What needs to be done ▸ Copy exactly the lines from the beginning of the data down to and including the line holding "L'Oreal Paris Пудра", without any pictures.

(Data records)
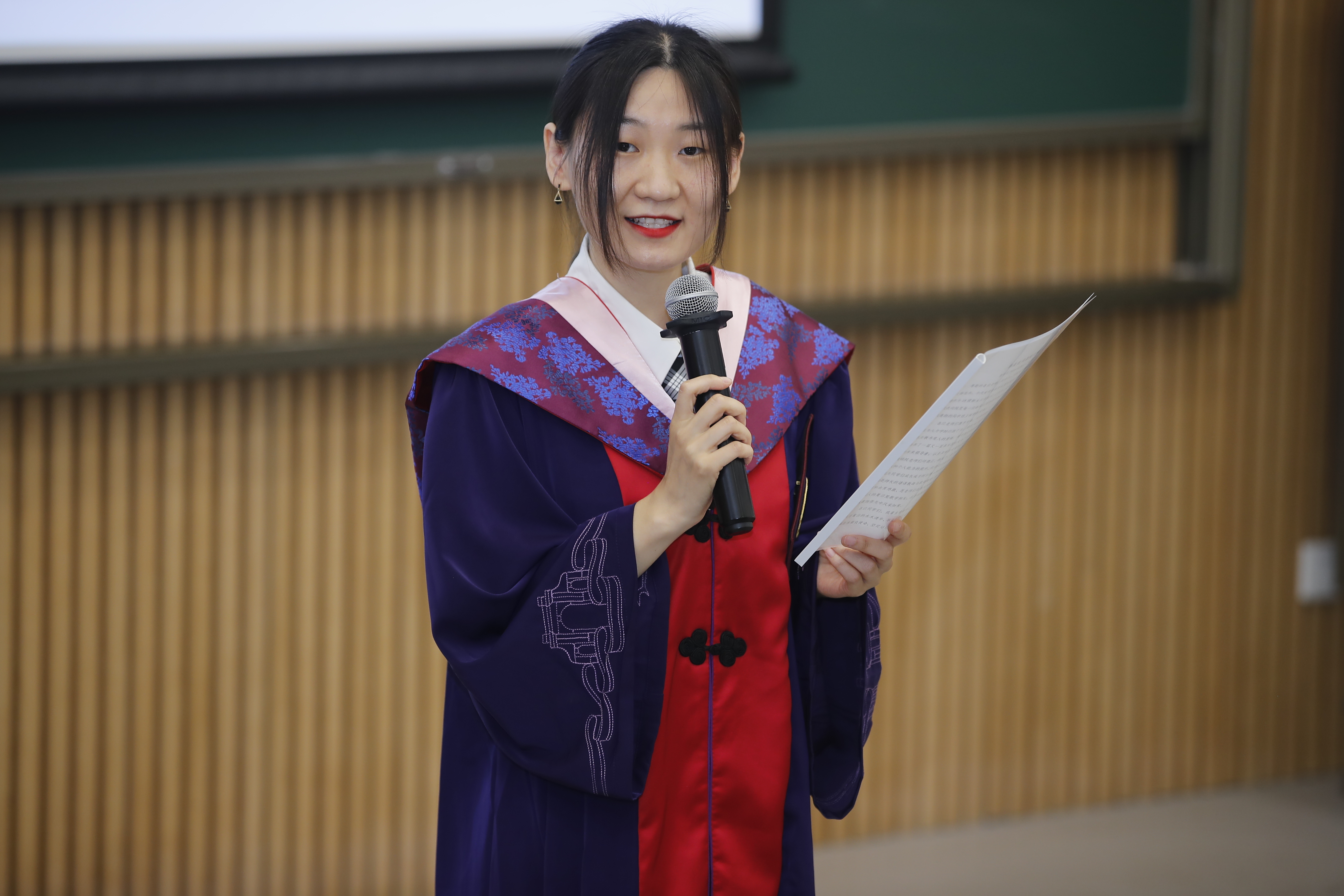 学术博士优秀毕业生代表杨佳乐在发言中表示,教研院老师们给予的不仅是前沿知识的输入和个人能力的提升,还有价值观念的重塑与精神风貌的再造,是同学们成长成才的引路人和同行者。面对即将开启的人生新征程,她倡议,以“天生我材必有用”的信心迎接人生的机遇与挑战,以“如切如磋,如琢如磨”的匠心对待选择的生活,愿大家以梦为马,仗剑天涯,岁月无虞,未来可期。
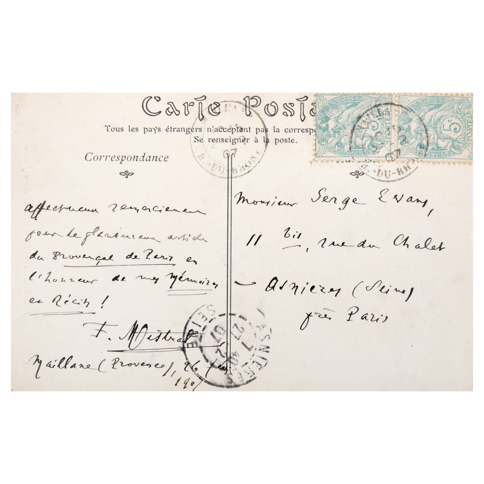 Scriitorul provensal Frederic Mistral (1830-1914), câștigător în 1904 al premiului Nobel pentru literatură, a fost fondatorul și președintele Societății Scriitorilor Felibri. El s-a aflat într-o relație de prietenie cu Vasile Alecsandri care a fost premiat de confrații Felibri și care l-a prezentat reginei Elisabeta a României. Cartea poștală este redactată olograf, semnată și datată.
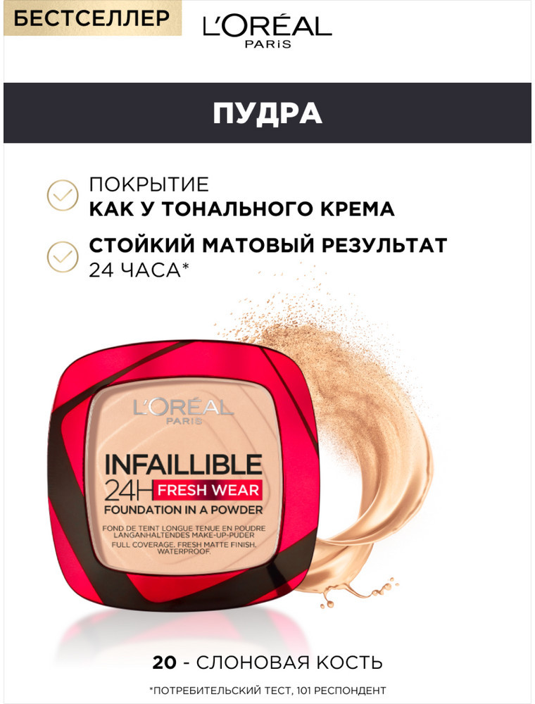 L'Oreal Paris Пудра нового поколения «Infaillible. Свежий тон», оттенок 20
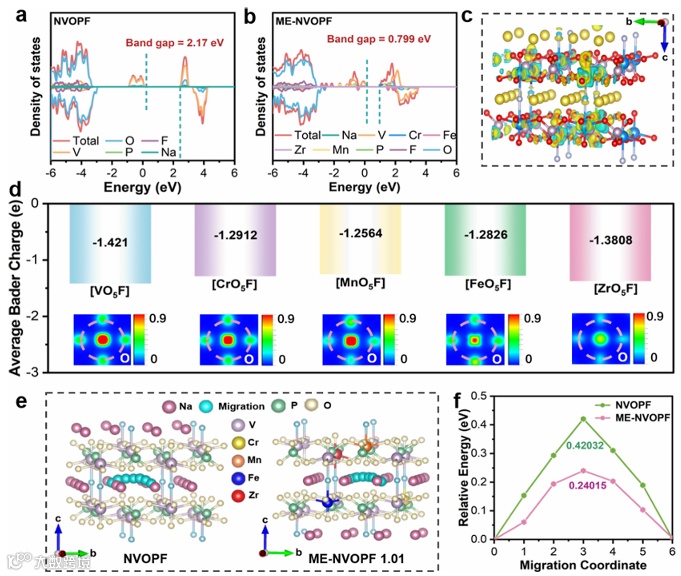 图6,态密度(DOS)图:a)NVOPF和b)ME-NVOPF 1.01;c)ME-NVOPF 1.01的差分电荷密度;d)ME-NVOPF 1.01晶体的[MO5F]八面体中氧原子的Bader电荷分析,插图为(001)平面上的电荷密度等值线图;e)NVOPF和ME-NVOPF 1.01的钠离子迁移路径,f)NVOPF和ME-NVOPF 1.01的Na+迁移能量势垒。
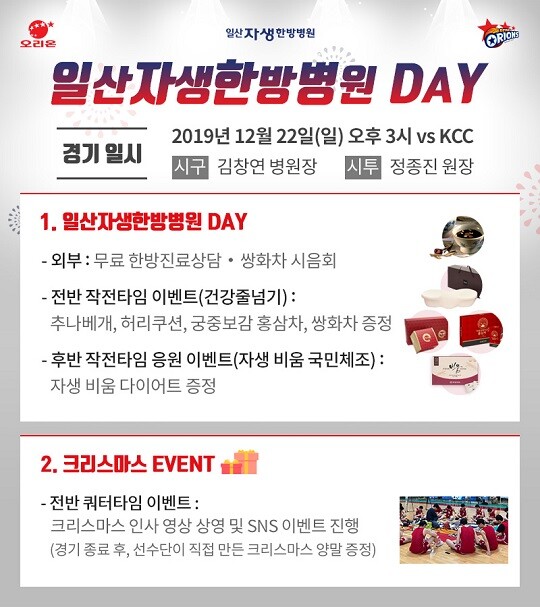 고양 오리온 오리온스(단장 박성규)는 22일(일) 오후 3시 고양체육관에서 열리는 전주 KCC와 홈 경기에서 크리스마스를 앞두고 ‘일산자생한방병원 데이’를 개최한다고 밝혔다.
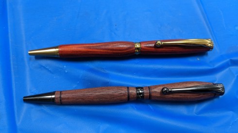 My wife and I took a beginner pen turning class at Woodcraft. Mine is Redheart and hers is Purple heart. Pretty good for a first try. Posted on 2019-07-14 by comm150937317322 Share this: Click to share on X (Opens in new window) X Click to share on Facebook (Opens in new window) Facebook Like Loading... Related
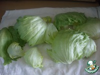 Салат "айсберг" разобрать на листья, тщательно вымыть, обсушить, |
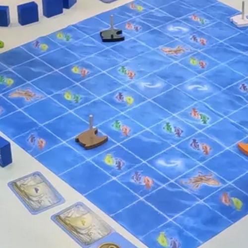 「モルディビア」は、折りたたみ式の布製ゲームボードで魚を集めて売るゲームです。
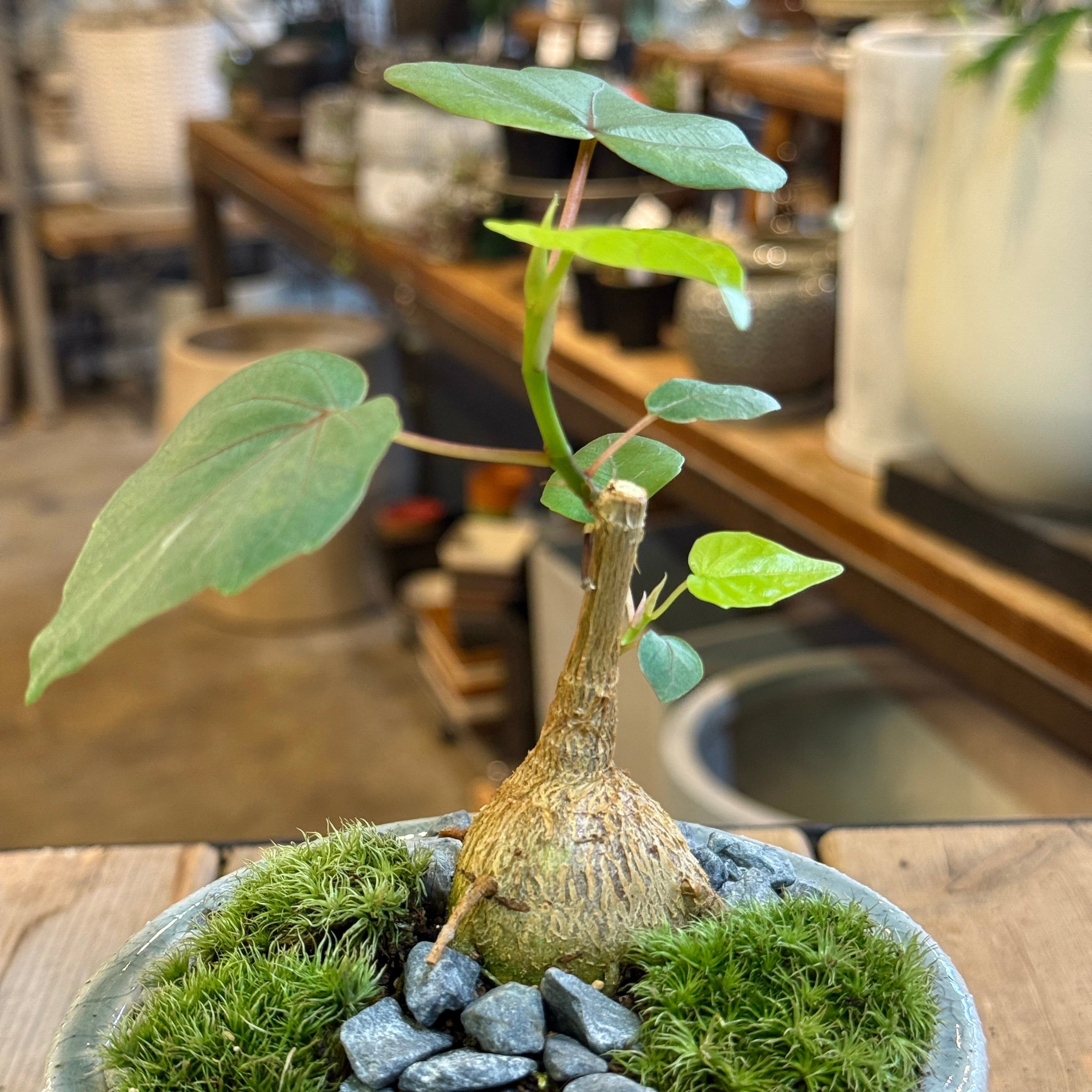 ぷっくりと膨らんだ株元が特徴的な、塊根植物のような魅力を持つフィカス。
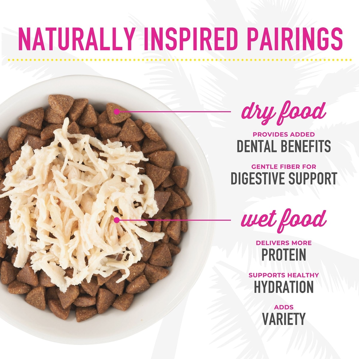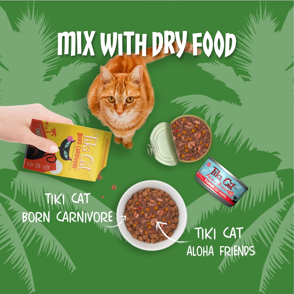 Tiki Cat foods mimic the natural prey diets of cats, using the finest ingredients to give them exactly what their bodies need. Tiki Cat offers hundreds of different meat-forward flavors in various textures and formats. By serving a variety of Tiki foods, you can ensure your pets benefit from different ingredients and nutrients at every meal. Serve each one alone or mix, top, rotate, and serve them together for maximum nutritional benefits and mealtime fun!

Output for this task ▸
 学术博士优秀毕业生代表杨佳乐在发言中表示,教研院老师们给予的不仅是前沿知识的输入和个人能力的提升,还有价值观念的重塑与精神风貌的再造,是同学们成长成才的引路人和同行者。面对即将开启的人生新征程,她倡议,以“天生我材必有用”的信心迎接人生的机遇与挑战,以“如切如磋,如琢如磨”的匠心对待选择的生活,愿大家以梦为马,仗剑天涯,岁月无虞,未来可期。
 Scriitorul provensal Frederic Mistral (1830-1914), câștigător în 1904 al premiului Nobel pentru literatură, a fost fondatorul și președintele Societății Scriitorilor Felibri. El s-a aflat într-o relație de prietenie cu Vasile Alecsandri care a fost premiat de confrații Felibri și care l-a prezentat reginei Elisabeta a României. Cartea poștală este redactată olograf, semnată și datată.
 L'Oreal Paris Пудра нового поколения «Infaillible. Свежий тон», оттенок 20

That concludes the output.